How A 156cm Auntie Moves 3 Tons
And Why I'm Still Not Bulky
I moved 2,608kg this morning. 2.6 metric tons. 320 reps. 38 minutes.
In my living room. Alone. With YouTube.
Am I bulky? Still chubby. 😂
Lifting heavy doesn't make you bulky. It makes you capable. Strong. Compact. The kind of strong that carries its own luggage and handles life when it gets heavy.
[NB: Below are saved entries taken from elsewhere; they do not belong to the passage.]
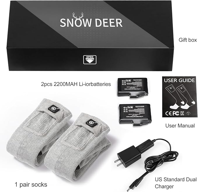 - 【Improve Blood Circulation】it is a perfect solution for those chilly winter nights and days.SNOW DEER heated socks are used by many people for a variety of different reasons ranging from working in cold conditions, hunting,fishing,skiing,motorcycling,hiking.and even just having cold feet around the house.
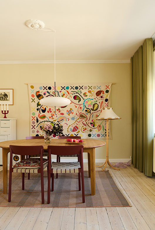 Når man lægger flere rum sammen for at skabe store, åbne rum i en bolig, kræver det lidt mere at opnå en intim og hjemlig stemning. Den udfordring har Josefine løst med tekstiler, der giver rummene taktilitet og en visuel ro. Med gulv til loft gardiner blødes væggene op, mens gulvtæpper markerer de forskellige zoner – køkkenet, spisepladsen og sofaområdet. Og så er der det store vintage vægtæppe ved spisebordet, der er et smukt, farverigt indslag i indretningen. Foruden den visuelle ro bidrager de mange tekstiler desuden positivt til akustikken.
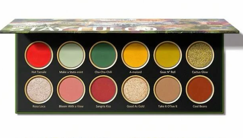 Palette 12 eyeshadow colors are: Hot Tamale: orange-red, Make a State-mint: pale mint green, Cha-Cha-Chili: forest green, A-maized: corn yellow, Guac N' Roll: pear green
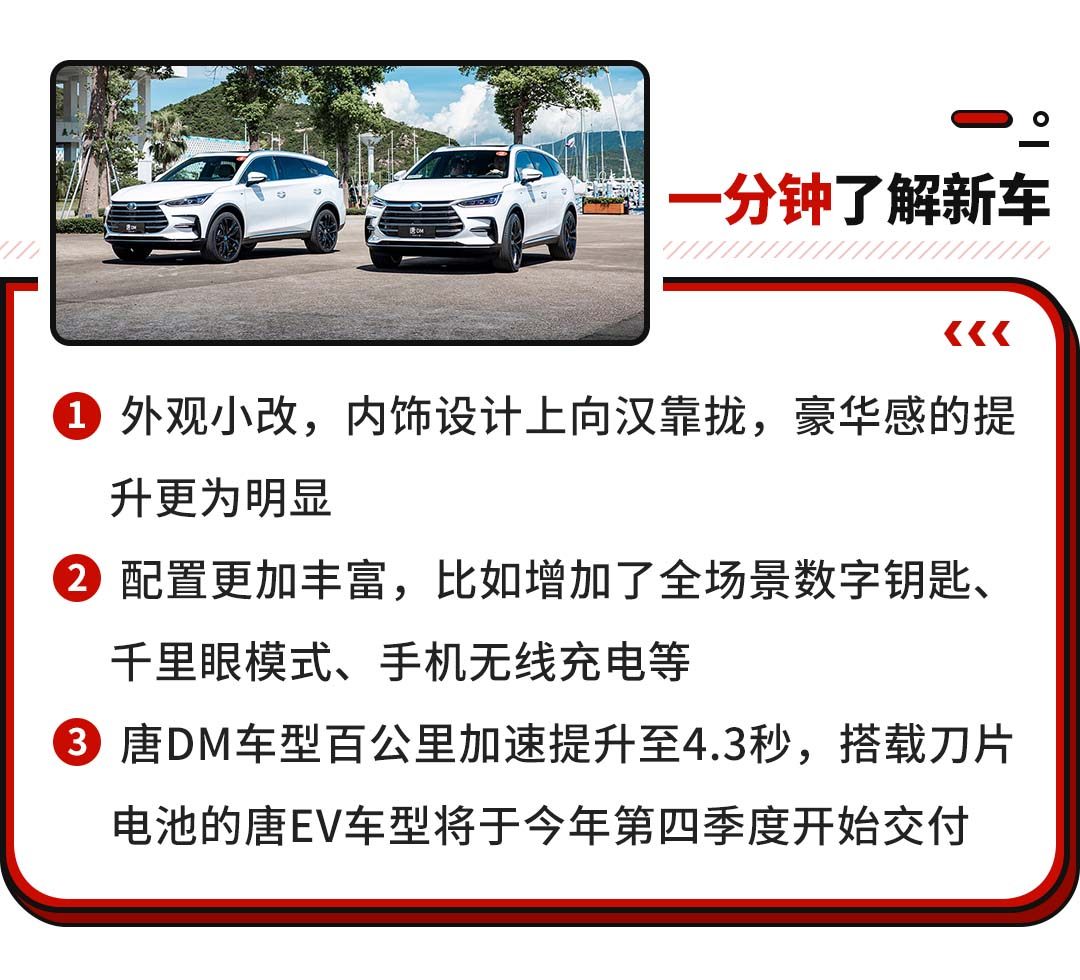 作为小改款车型,2021款比亚迪家族车型在外观、内饰以及电池方面都有着不同程度的变化,尤其是内饰豪华感的提升和唐EV车型搭载的刀片式电池的变化,由外及内的变化正让唐家族车型越发完善。
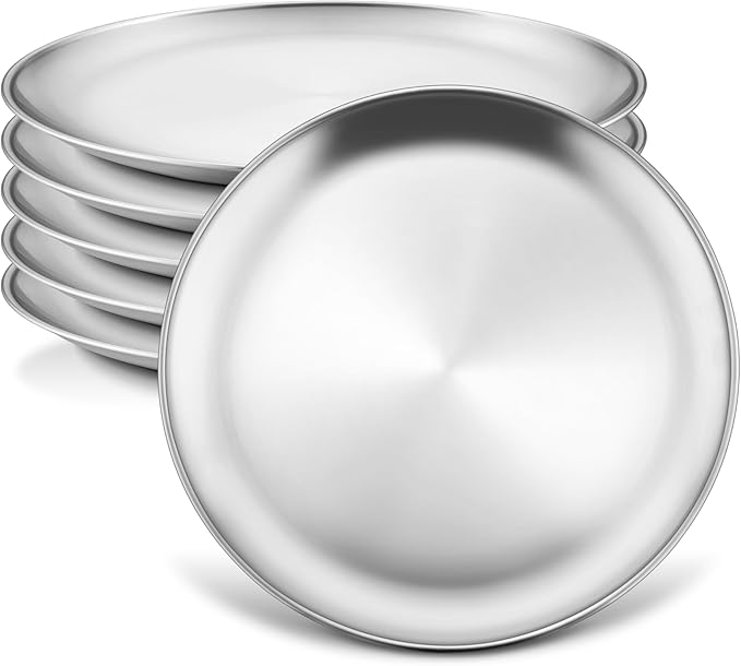- 【SET OF 6 - 6 x plates】 10 x 10 x 0.6inches (26 x 26 x 1.5cm) ,Its metallic look makes it elegant and versatile, Perfect for home daily use, Proper heft, Suitable for feeding, camping, gathering, party, gift, etc

Full breakdown on the blog — link in bio! 💪
#over40fits #homeworkoutexercise #strengthtraining #strengthtrainingtips #caloriescounting
When I first started strength training at home, I was skeptical about how effective it could really be, especially without a gym membership or fancy equipment. Using just a pair of 7.5 kg dumbbells and online workout videos, I learned how to gradually push my limits. The key was consistency and focusing on proper form rather than just lifting the heaviest weights immediately. In my experience, lifting heavier weights over time didn't bulk me up like I feared. Instead, it made my body more compact and capable—strong enough to carry groceries, handle household chores effortlessly, and even boost my confidence. Moving a total of 2.6 tons in one workout session felt empowering, a testament to how strength comes in many forms. I also discovered that incorporating strength training helped me better count calories and stay mindful of my overall fitness beyond just weight loss. It’s about functional strength—being able to handle life’s daily stresses and physical challenges comfortably. Watching YouTube tutorials allowed me to tailor workouts to my pace, helping me avoid injury and gradually build muscle endurance. For anyone worried about getting bulky or unfamiliar with weightlifting, starting small and progressing safely can lead to surprising results. I hope my journey inspires others, especially women over 40, to embrace strength training—not just to change their appearance but to enhance their quality of life and personal empowerment.